The firm's net loss in the quarter narrowed to $3.3 million, or $.16 per share, from $3.4 million, or $.36 per share, a year earlier. 

R&D spending in the quarter fell 40 percent to $270,000 from $451,000, while SG&A costs dipped 6 percent to $1.7 million from $1.8 million.

Contributing to the overall decrease in expenses was Transgenomics' move to shutter its New Haven, Connecticut-based patient testing laboratory earlier this year as part of the company's nearly completed refocusing onto ICE-COLD PCR. 

Since first acquiring the rights to the technology in 2009, Transgenomic has been steadily shedding its other assets, divesting its Surveyor nuclease technology in 2014, its ion chromatography business in September, and its genetic assays and platforms unit in December. 

"Exiting these low-growth, money-losing legacy has … substantially reduced our burn rate," Kinnon noted, adding that suspending operations at the Connecticut lab has "allowed us to reduce the operating expense of the company significantly, resulting in savings of over $1 million a month while enabling us to focus on cancer testing at our CLIA laboratory in Nebraska."

At the end of the first quarter, Transgenomic had $222,000 in cash and cash equivalents.

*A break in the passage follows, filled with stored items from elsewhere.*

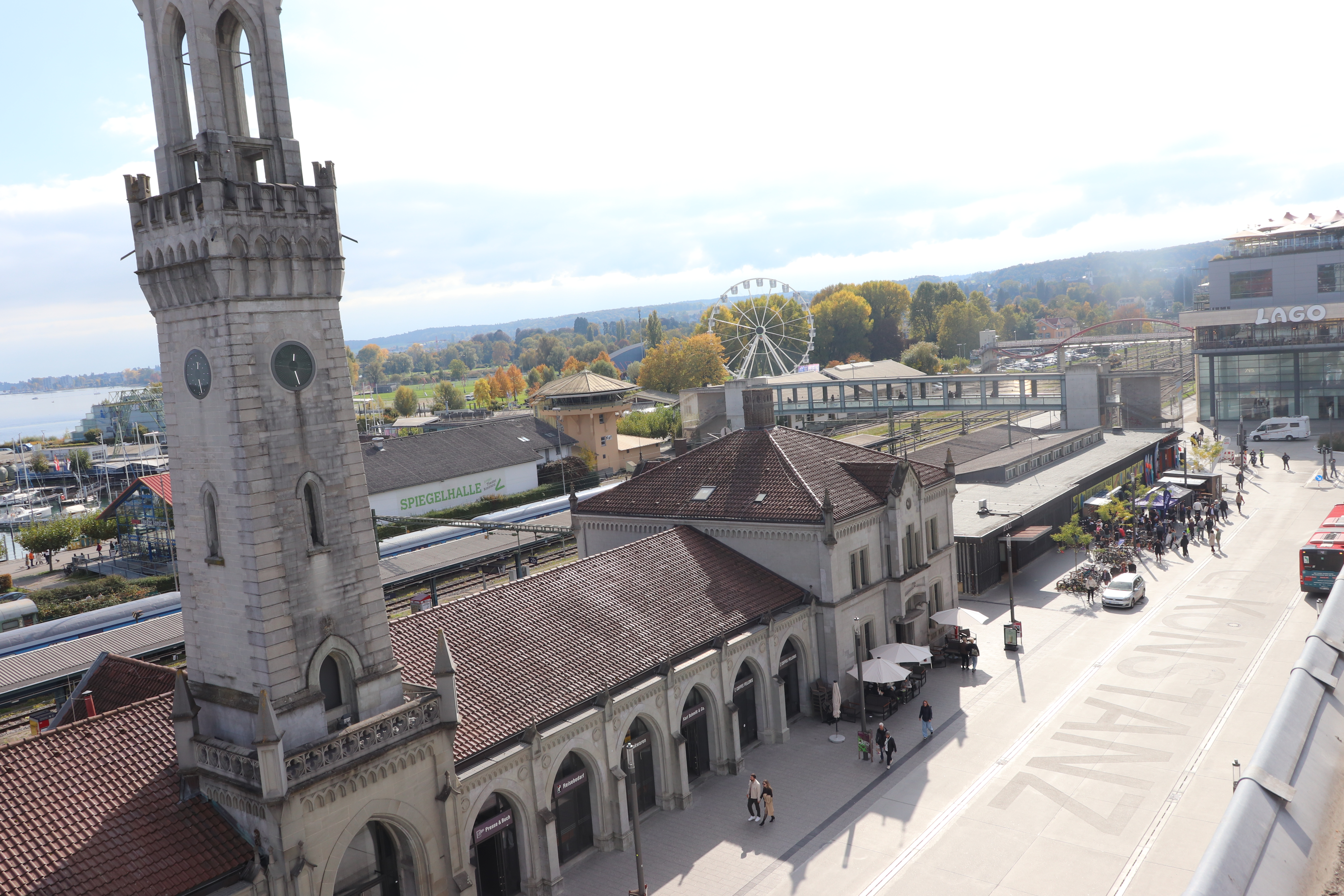 Seit der Eröffnung des Bahnhofs im Jahr 1863 ist der Bahnhofplatz das Tor zur Stadt. Unter Oberbürgermeister Max Stromeyer ist damals ein repräsentativer Raum mit Hotels und Verwaltungsbauten entstanden, der als Ort des Ankommens und des Abfahrens sowie als Visitenkarte von Konstanz diente. Zuletzt war der Platz jedoch durch Verkehr geprägt: Täglich haben rund 10.000 Fahrzeuge das Areal überquert. Die einstige
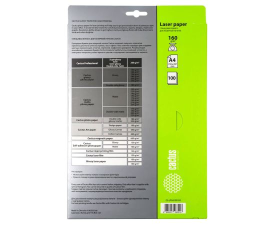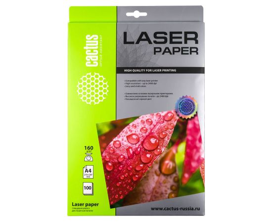 Фотобумага Cactus CS-LPA4160100 A4/160г/м2/100л/белый глянцевое для лазерной печати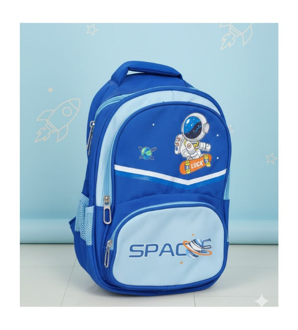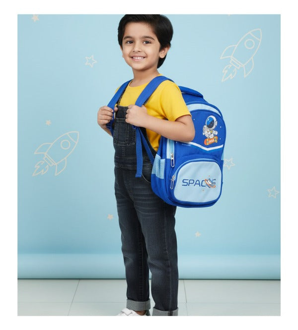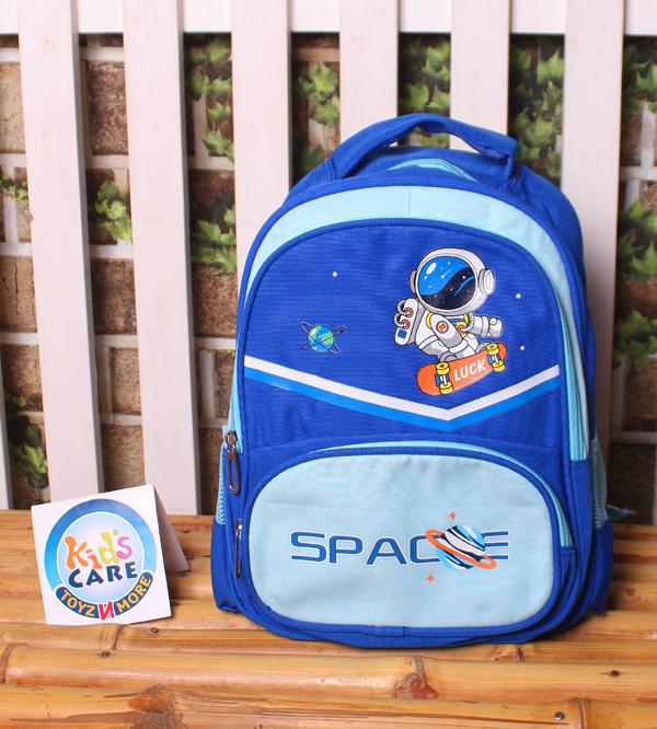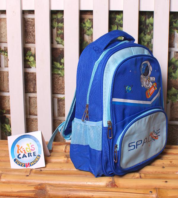 Keywords: Backpack, School bag, Travel backpack, Space World, Astronaut, Royal blue, Playgroup, Kindergarten, KG 1, KG 2, One main compartment, Small compartment, Two side pockets, Adjustable straps, Comfortable, Durable, Washable, Cash on delivery, Pakistan.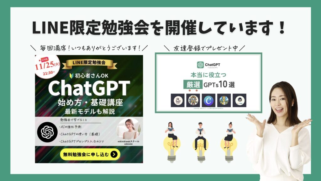公式LINEでは「ChatGPT本当に役立つ厳選GPTs10選」や「画像生成おすすめプロンプト集」を無料プレゼント中。最新のAIトレンドや限定勉強会の情報もお届けしています。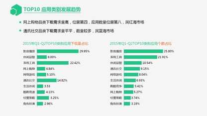通过PP助手安卓版对2015年Q1-Q2 TOP 10类别应用个数占比和下载量占比的监测数据发现,2015年上半年度,影音播放、系统工具和休闲益智三个类别的应用依旧占据了PP助手安卓版应用数量和用户下载量的TOP 3。而在TOP 10类别的应用中,网上购物品类下载的需求量高,位居第四,应用数量位居第八,属红海市场;通讯社交品类下载需求量平平,数量较多,属蓝海市场,相信这也将对广大应用开发者带来了全新的启示。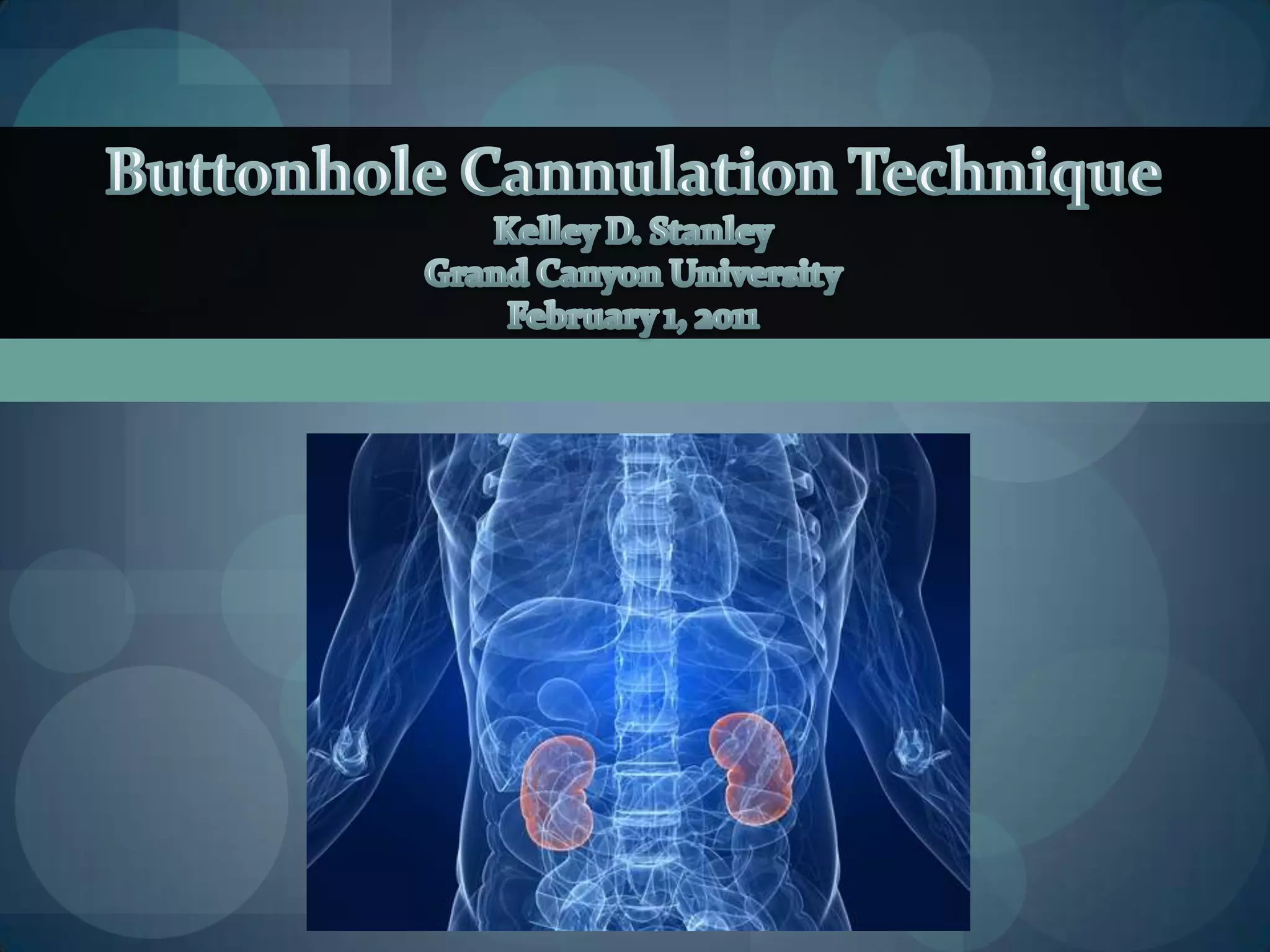 The document discusses the buttonhole cannulation technique for vascular access in dialysis patients. It provides background on dialysis patients and costs in the US. The buttonhole technique creates fixed puncture sites in an arteriovenous fistula to reduce complications from cannulation. The literature review found the technique reduces pain and complications compared to the rope-ladder technique and has been used successfully in Europe for over 30 years. The document proposes evaluating the buttonhole technique for reducing cannulation pain, anxiety, and complications compared to the rope-ladder technique in outpatient dialysis clinics.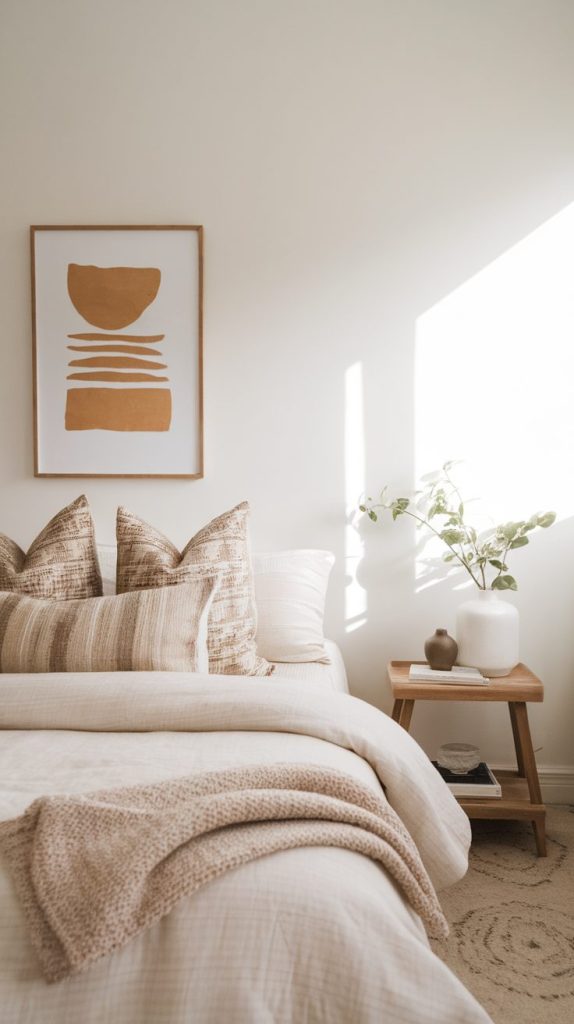 Choose decor that feels soft and grounding. Texture matters more than quantity.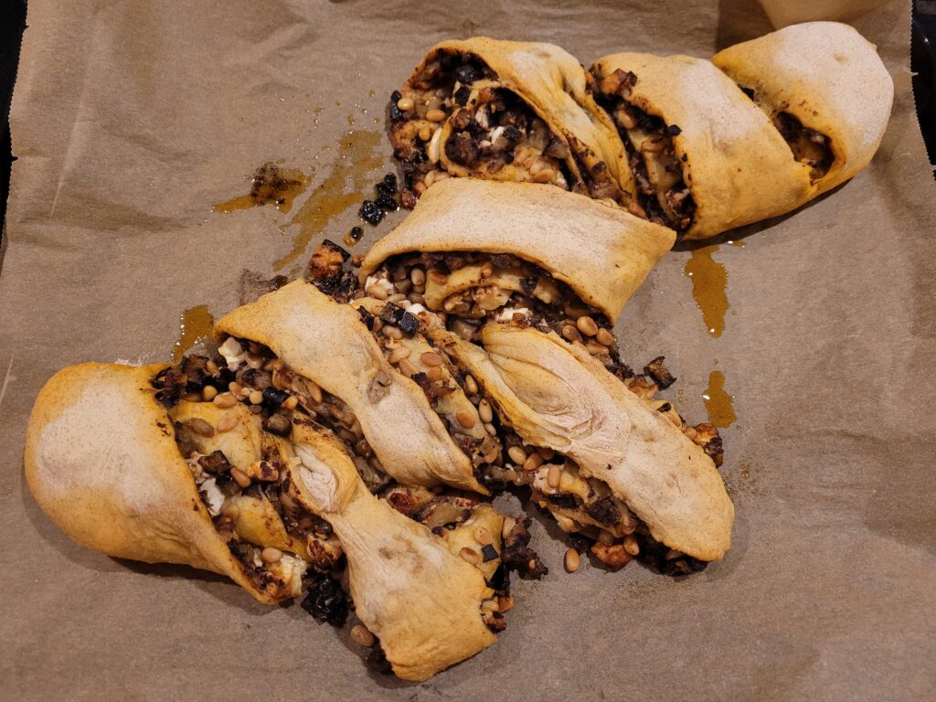 Den Teig von der Längsseite her aufrollen und mit der Naht aufs Backblech legen. Den Teig mehrmals ca. alle 4 cm schräg einschneiden. Die Schnitte sollten tief sein, sodass nur noch das untere Viertel des Teiges zusammenhängt. Anschliessend jeden zweiten Teigabschnitt vorsichtig auf die gegenüberliegende Seite der Rolle drehen (Ährenmuster). Klingt komisch, fühlt sich auch falsch an, wenn mans macht, ist aber besser so. Da der Teig nach dem Backen oben sehr kross wird und schwer zu schneiden ist ohne alles kaputt zu machen, ist dies ein wirklich praktischer Arbeitsschritt, der nicht nur raffiniert aussieht. Obwohl…vllt ist auch nur das tiefe Einschneiden schon ausreichend.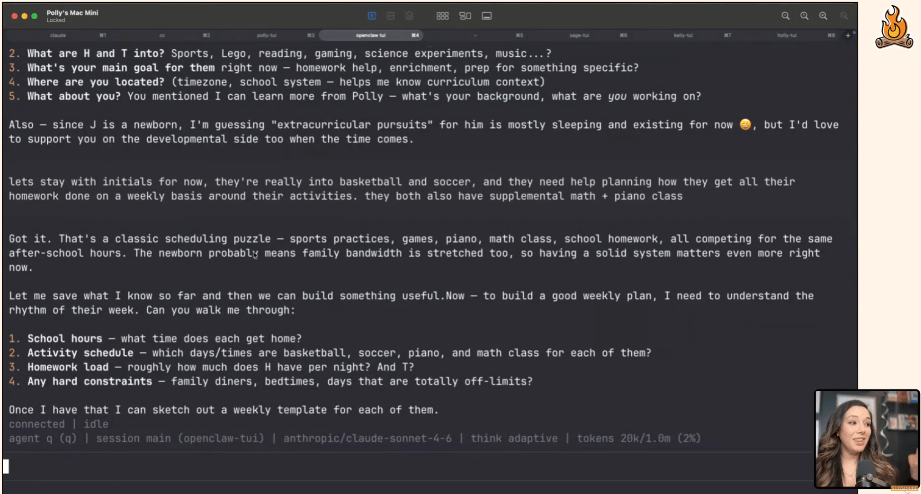 Q가 아이들의 학교 시간, 농구/축구 일정, 피아노/수학 수업, 숙제량까지 파악한 뒤 "주간 템플릿을 만들어주겠다"고 제안하는 모습. 갓 입사한 신입사원이 온보딩 첫날 업무 파악을 하는 것과 똑같다.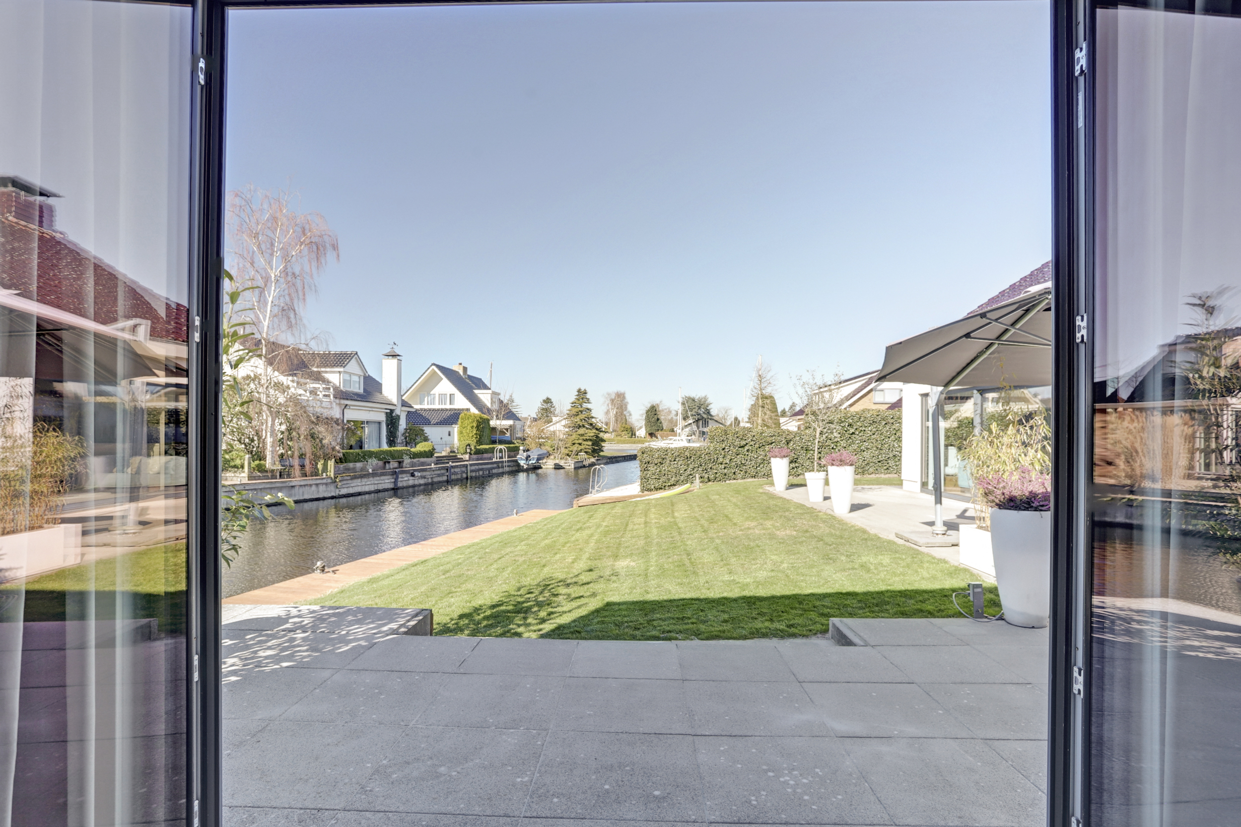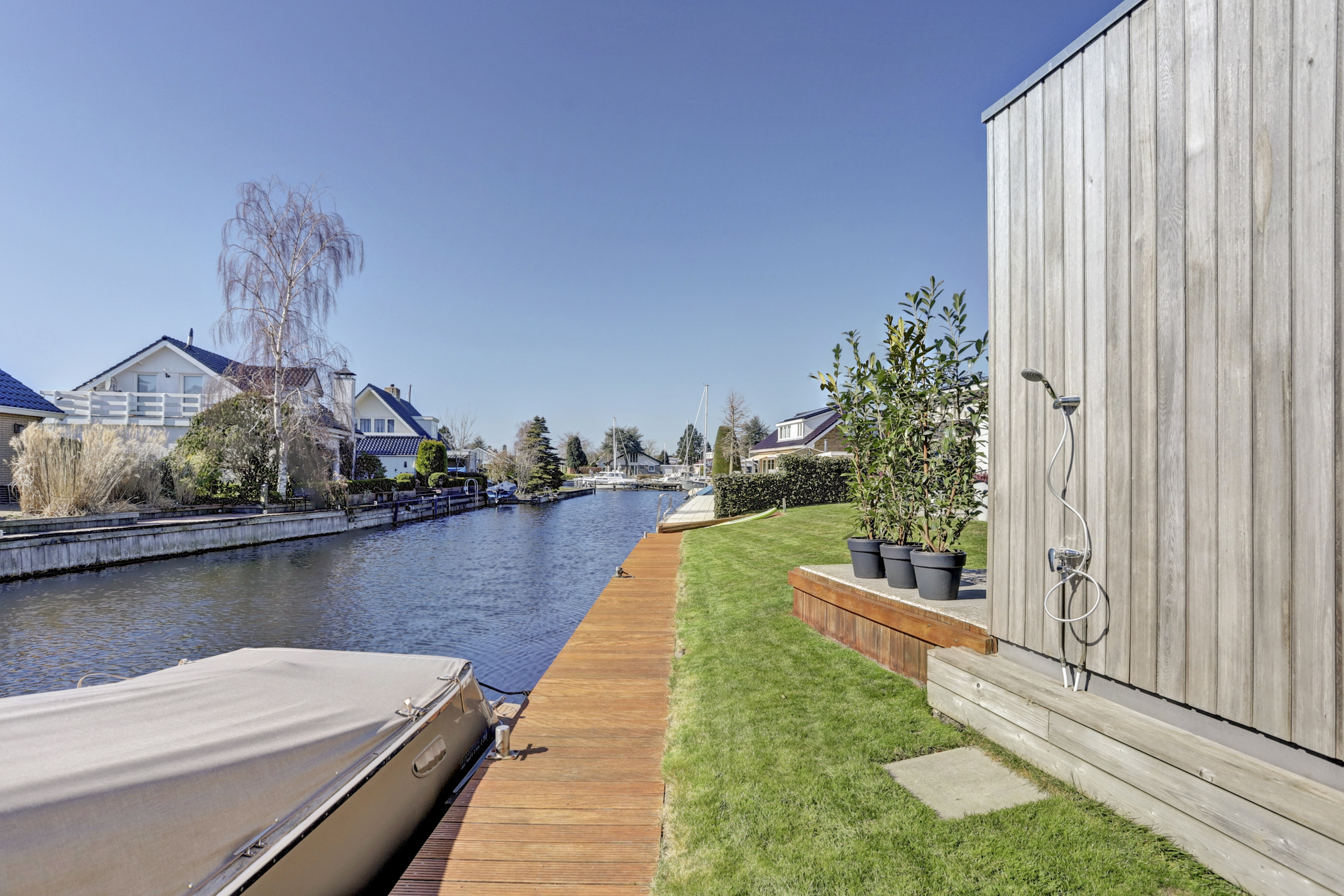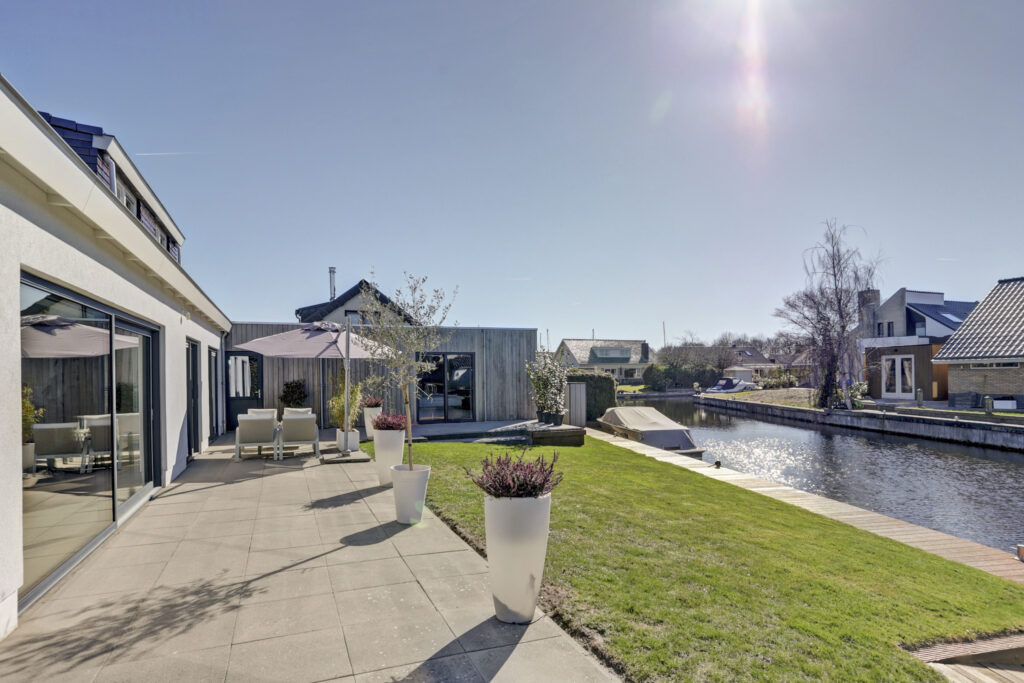 De tuin ligt op het zuidwesten en is verzorgd aangelegd met gazon, een royaal terras en buitendouche. De brede oprit biedt voldoende parkeergelegenheid op eigen terrein. De strook eigen water met lange steiger is geschikt voor het aanleggen van een of meerdere boten (staande mast) en er is een aflopende steiger voor bijvoorbeeld een bijboot, kano of SUP-board. De walbeschoeiing is geheel vervangen in verkeert in uitstekende conditie.

With its attention entirely on ICE-COLD PCR, Transgenomic is aiming to make the technology as widely available as possible, Kinnon said. "In order to achieve this, we will continue our efforts to strategically partner with sequencing platform companies, life science companies, molecular testing labs, and service providers." The firm expects to close its first major partnership deal, as well as an agreement for the US distribution of ICE-COLD PCR kits, before the end of the second quarter, he added.

During early morning trading on the Nasdaq, shares of Transgenomic were down nearly 10 percent to $.54.